What is needed is an exact copy of the data below, pictures excluded.
Segment Start: Supplied records
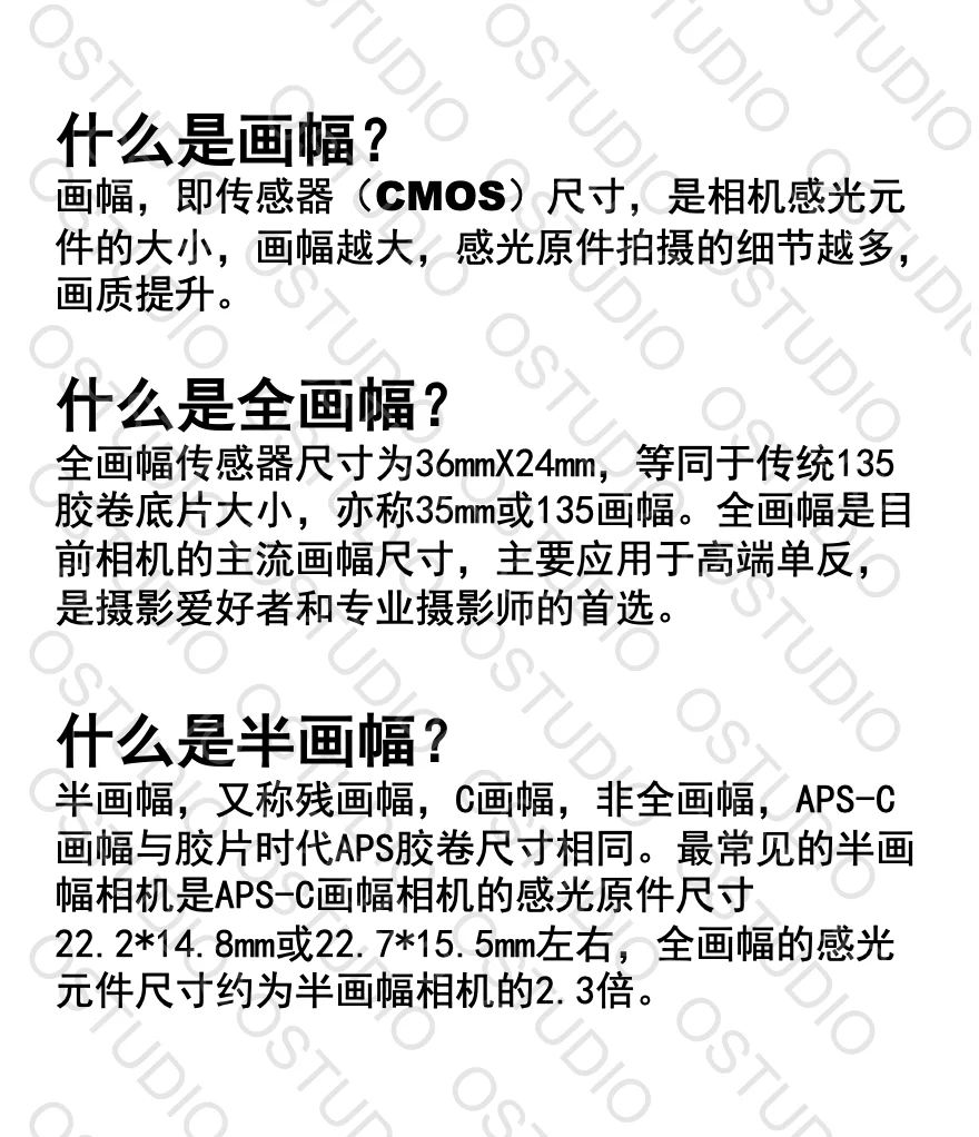 半画幅,又称残画幅,C画幅,非全画幅,APS-C画幅与胶片时代APS胶卷尺寸相同。最常见的半画幅相机是APS-C画幅相机的感光原件尺寸22.2*14.8mm或22.7*15.5mm左右,全画幅的感光元件尺寸约为半画幅相机的2.3倍。
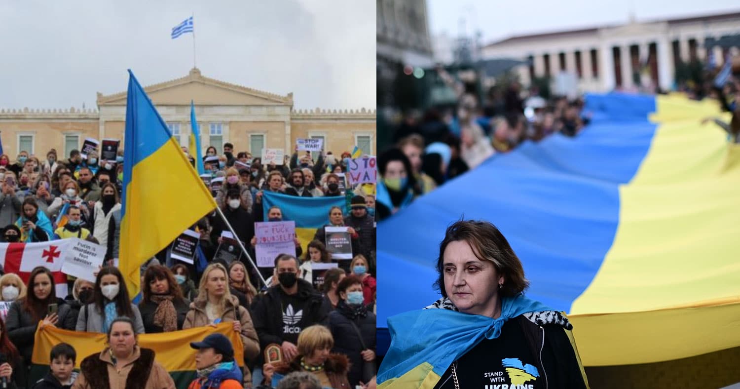 Έναν χρόνος μετά την εισβολή της Ρωσίας στην Ουκρανία κατά την οποία σκοτώθηκαν δεκάδες χιλιάδες άμαχοι και μετατράπηκαν πόλεις σε ερείπια, Ουκρανοί που ζουν στην Ελλάδα συγκεντρώθηκαν στα Προπύλαια και πραγματοποίησαν πορεία προς το Σύνταγμα.
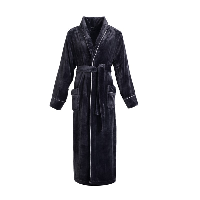 法兰绒睡袍男士简约大码珊瑚绒情侣浴袍女秋冬季长款
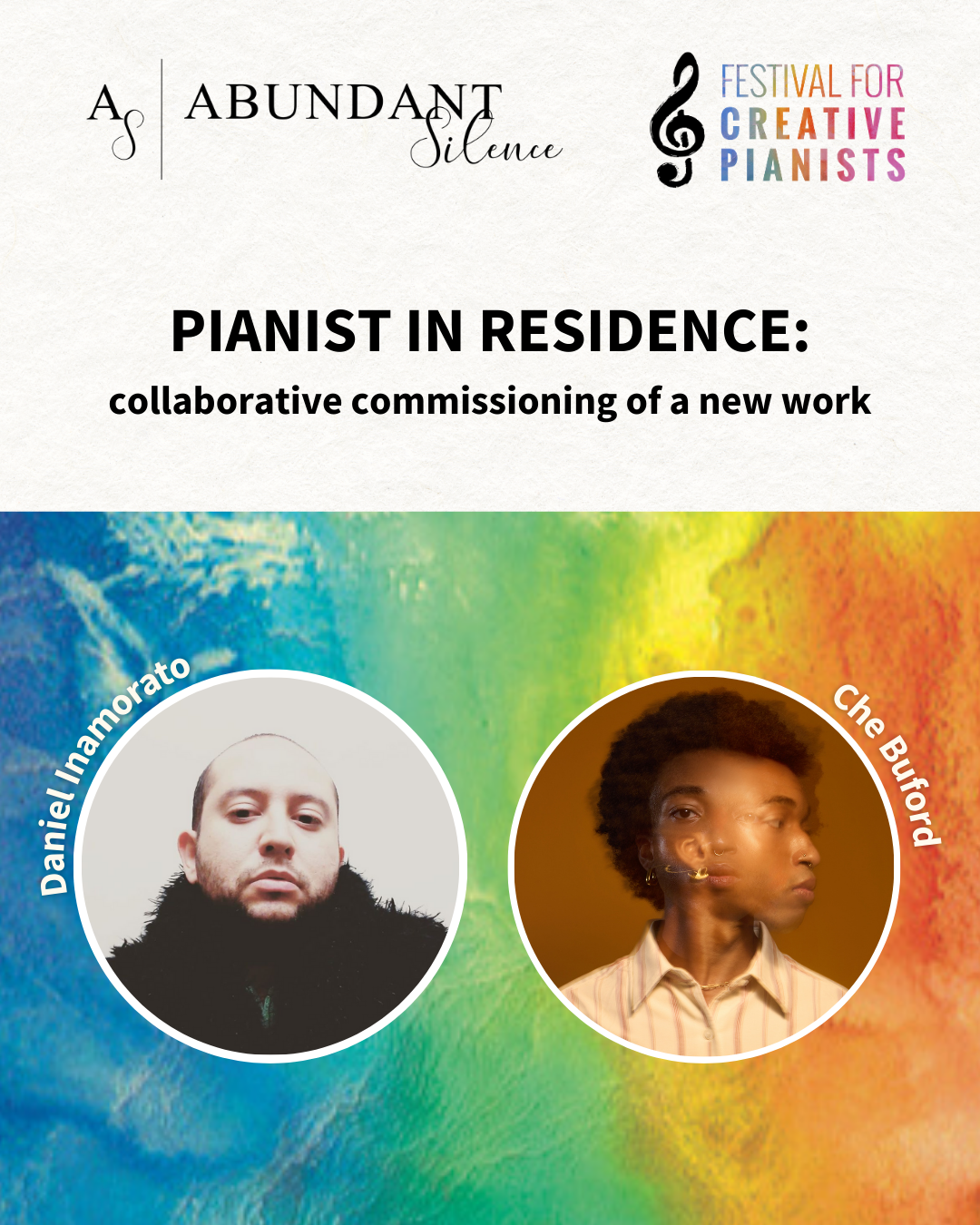 The final component of his residency is the collaborative commissioning of a new work from an Abundant Silence composer, and we’re thrilled that Daniel is working with the exceptionally talented Che Buford.
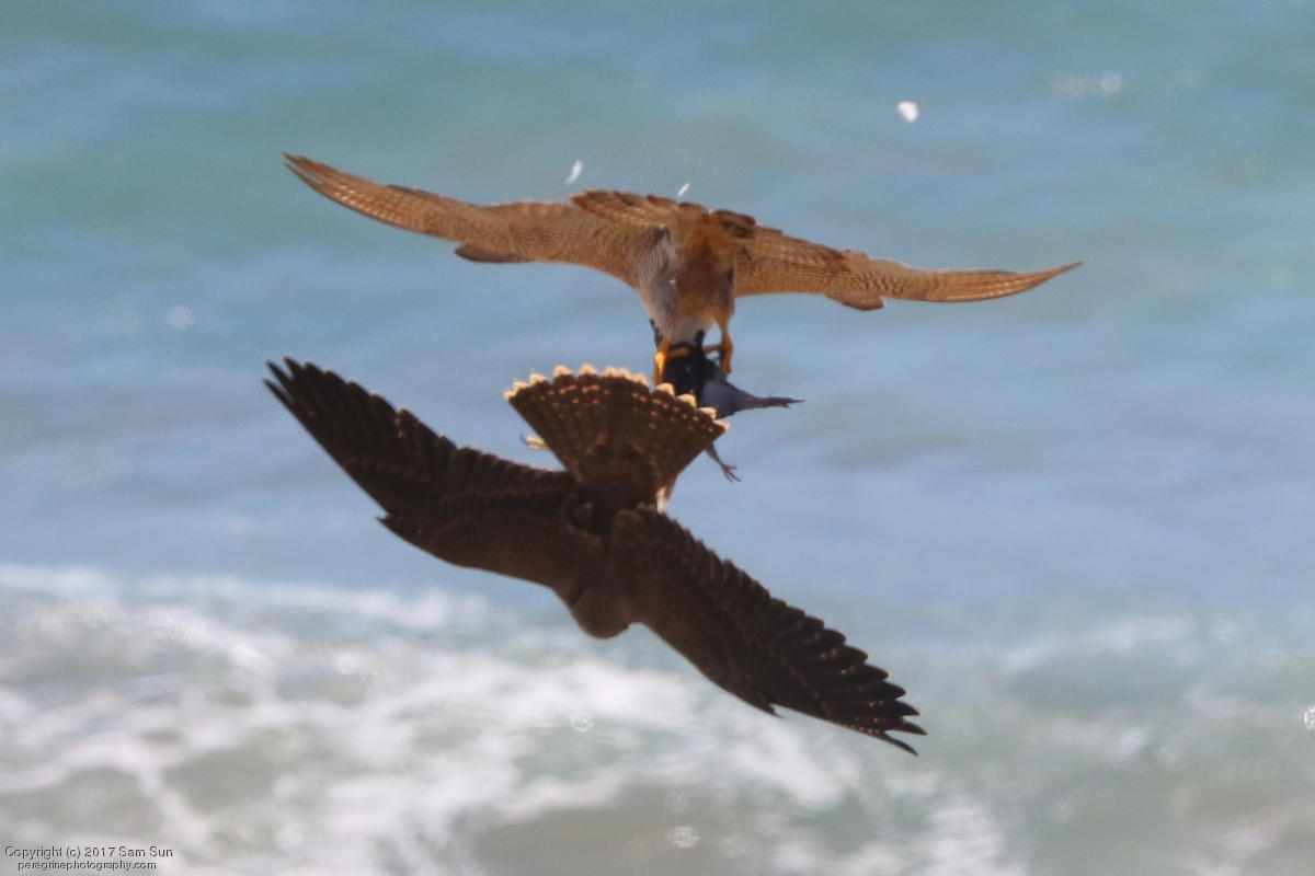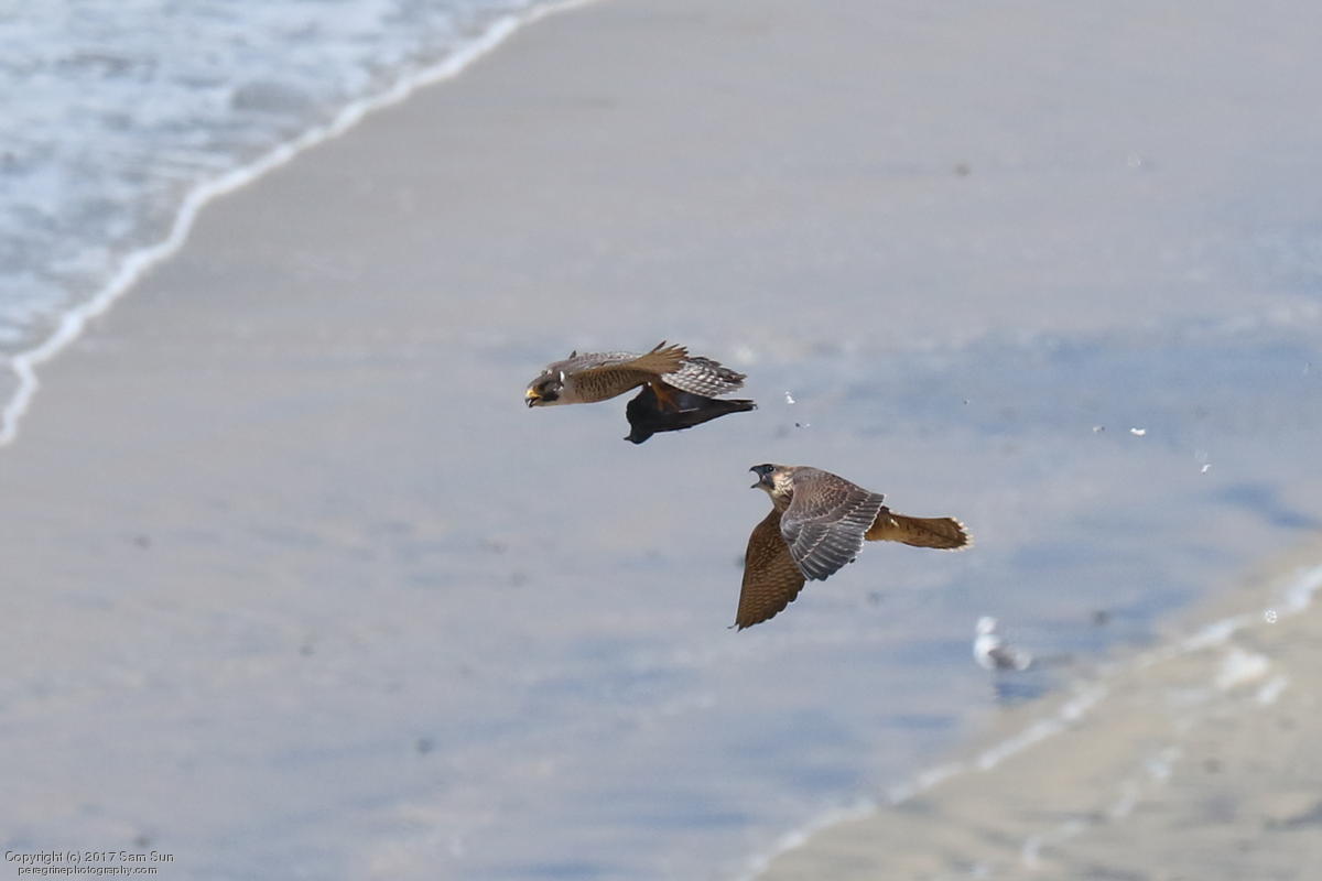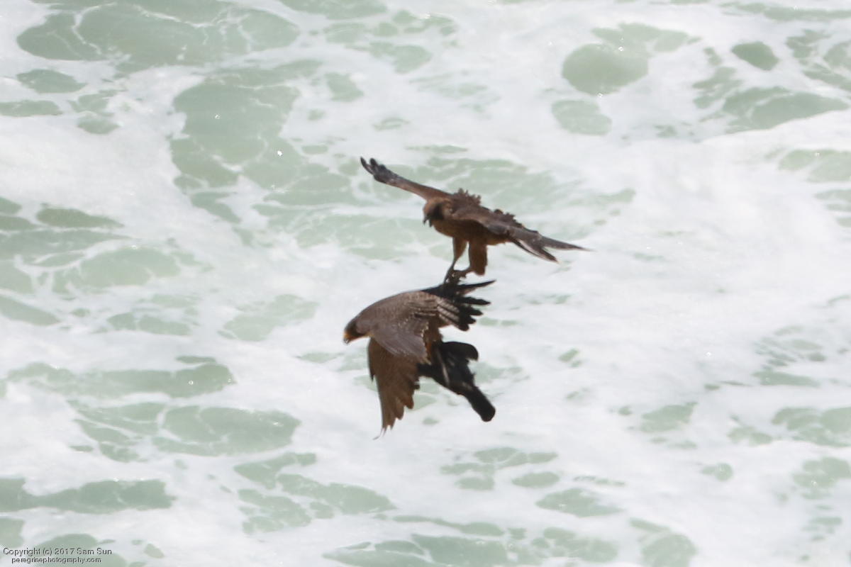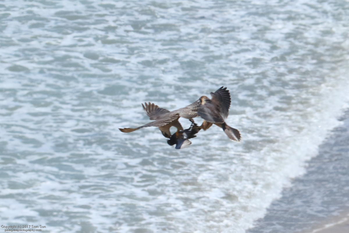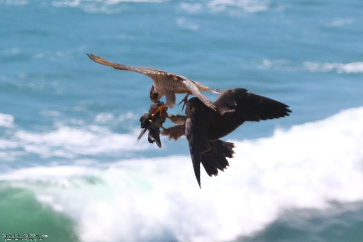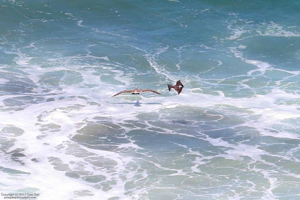 I was out at Torrey Pines for a long 10 hour day! Quite a bit of activity with a juvenile exploring the beach, some dogfights, chases, and food exchanges. A juvenile had gone swimming around mid-day yesterday, so several photographers were waiting on the beach hoping for a repeat. It seemed a bit more shy of the water today.
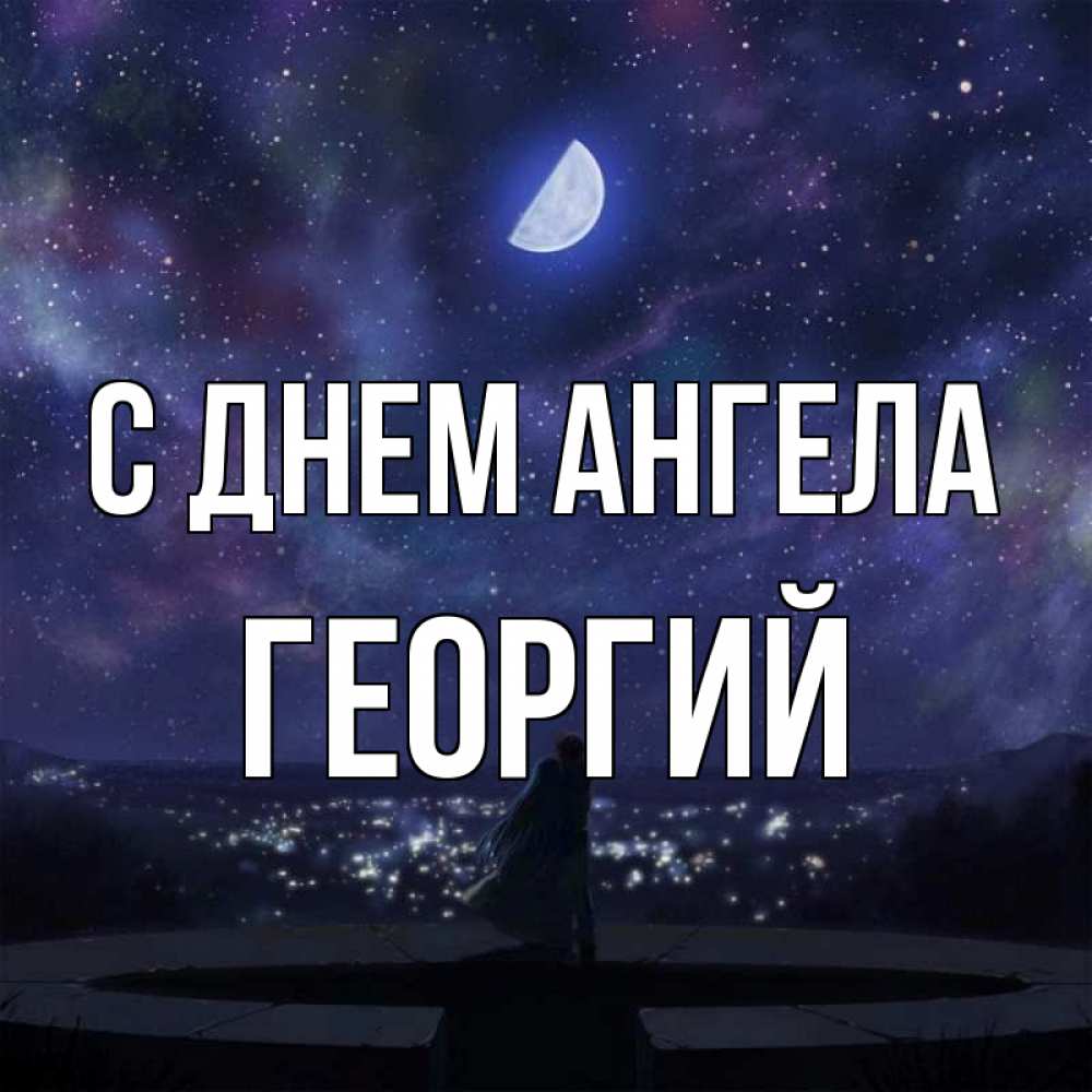 Открытка С днем Ангела Георгий. Звездное небо отражается в море. набережная
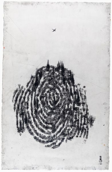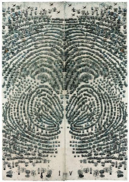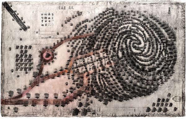 Pavlo Makov made this artwork, R.T. Garden, with an intriguing approach to mark-making that feels both systematic and organic. It’s as if the process itself is a meditation. Looking closely, the texture of the piece really grabs you. The surface isn’t smooth, it’s got this kind of gritty, almost dusty quality. The contrast of the dark marks against the pale background gives it a ghostly vibe. It makes me think about those images you see of crop circles. There's an area at the bottom left where the marks become denser and more chaotic. It reminds me of a garden that’s been left untended, wild and overgrown. There's something about the systematic nature of the marks in this piece, arranged in concentric circles, that makes me think of Vija Celmins' meticulous renderings of natural phenomena. But while Celmins is all about precision, Makov embraces imperfection and ambiguity. It’s art that invites you to get lost in its layers and find your own way.
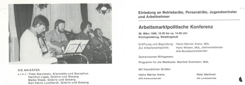 Am 26. März 1988 luden der Kreisvorsitzende Heinz-Werner Arens und der AfA-Landessekretär Peter Mertineit zu einer Arbeitsmarktpolitischen Konferenz in den Kirchspielkrug des Ortes ein. Hauptredner war Hans Wiesen. Das Unterhaltungsprogramm bestritten Die Maikäfer aus Kiel.
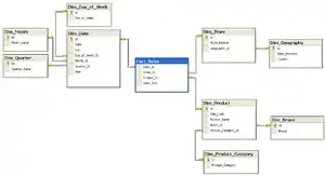 The example schema shown to the right is a snowflaked version of the star schema example provided in the star schema article.
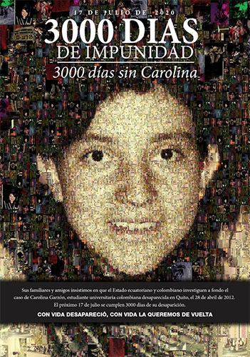 Carta pública: ¡Tres mil días sin Carolina Garzón y la impunidad del gobierno de Ecuador cada día peor!
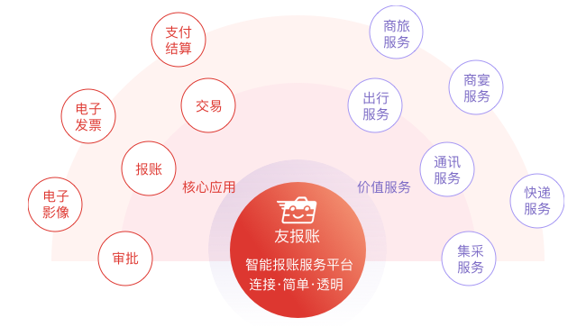 友報(bào)賬為企業(yè)提供專業(yè)化的報(bào)賬服務(wù)和連接服務(wù),創(chuàng)造企業(yè)財(cái)務(wù)新價(jià)值。作為企業(yè)財(cái)務(wù)數(shù)據(jù)采集終端,面向企業(yè)全員應(yīng)用,并整合社會(huì)資源,為企業(yè)員工提供端到端的一站式互聯(lián)網(wǎng)服務(wù),打通從申請(qǐng)、審批、交易、報(bào)賬、支付、核算、報(bào)告所有環(huán)節(jié),實(shí)現(xiàn)數(shù)據(jù)不落地,全線上應(yīng)用,全程管控
Segment End: Supplied records
▶ **Reply to the task**
 半画幅,又称残画幅,C画幅,非全画幅,APS-C画幅与胶片时代APS胶卷尺寸相同。最常见的半画幅相机是APS-C画幅相机的感光原件尺寸22.2*14.8mm或22.7*15.5mm左右,全画幅的感光元件尺寸约为半画幅相机的2.3倍。
 Έναν χρόνος μετά την εισβολή της Ρωσίας στην Ουκρανία κατά την οποία σκοτώθηκαν δεκάδες χιλιάδες άμαχοι και μετατράπηκαν πόλεις σε ερείπια, Ουκρανοί που ζουν στην Ελλάδα συγκεντρώθηκαν στα Προπύλαια και πραγματοποίησαν πορεία προς το Σύνταγμα.
 法兰绒睡袍男士简约大码珊瑚绒情侣浴袍女秋冬季长款
 The final component of his residency is the collaborative commissioning of a new work from an Abundant Silence composer, and we’re thrilled that Daniel is working with the exceptionally talented Che Buford.
 I was out at Torrey Pines for a long 10 hour day! Quite a bit of activity with a juvenile exploring the beach, some dogfights, chases, and food exchanges. A juvenile had gone swimming around mid-day yesterday, so several photographers were waiting on the beach hoping for a repeat. It seemed a bit more shy of the water today.
 Открытка С днем Ангела Георгий. Звездное небо отражается в море. набережная
 Pavlo Makov made this artwork, R.T. Garden, with an intriguing approach to mark-making that feels both systematic and organic. It’s as if the process itself is a meditation. Looking closely, the texture of the piece really grabs you. The surface isn’t smooth, it’s got this kind of gritty, almost dusty quality. The contrast of the dark marks against the pale background gives it a ghostly vibe. It makes me think about those images you see of crop circles. There's an area at the bottom left where the marks become denser and more chaotic. It reminds me of a garden that’s been left untended, wild and overgrown. There's something about the systematic nature of the marks in this piece, arranged in concentric circles, that makes me think of Vija Celmins' meticulous renderings of natural phenomena. But while Celmins is all about precision, Makov embraces imperfection and ambiguity. It’s art that invites you to get lost in its layers and find your own way.
 Am 26. März 1988 luden der Kreisvorsitzende Heinz-Werner Arens und der AfA-Landessekretär Peter Mertineit zu einer Arbeitsmarktpolitischen Konferenz in den Kirchspielkrug des Ortes ein. Hauptredner war Hans Wiesen. Das Unterhaltungsprogramm bestritten Die Maikäfer aus Kiel.
 The example schema shown to the right is a snowflaked version of the star schema example provided in the star schema article.
 Carta pública: ¡Tres mil días sin Carolina Garzón y la impunidad del gobierno de Ecuador cada día peor!
 友報(bào)賬為企業(yè)提供專業(yè)化的報(bào)賬服務(wù)和連接服務(wù),創(chuàng)造企業(yè)財(cái)務(wù)新價(jià)值。作為企業(yè)財(cái)務(wù)數(shù)據(jù)采集終端,面向企業(yè)全員應(yīng)用,并整合社會(huì)資源,為企業(yè)員工提供端到端的一站式互聯(lián)網(wǎng)服務(wù),打通從申請(qǐng)、審批、交易、報(bào)賬、支付、核算、報(bào)告所有環(huán)節(jié),實(shí)現(xiàn)數(shù)據(jù)不落地,全線上應(yīng)用,全程管控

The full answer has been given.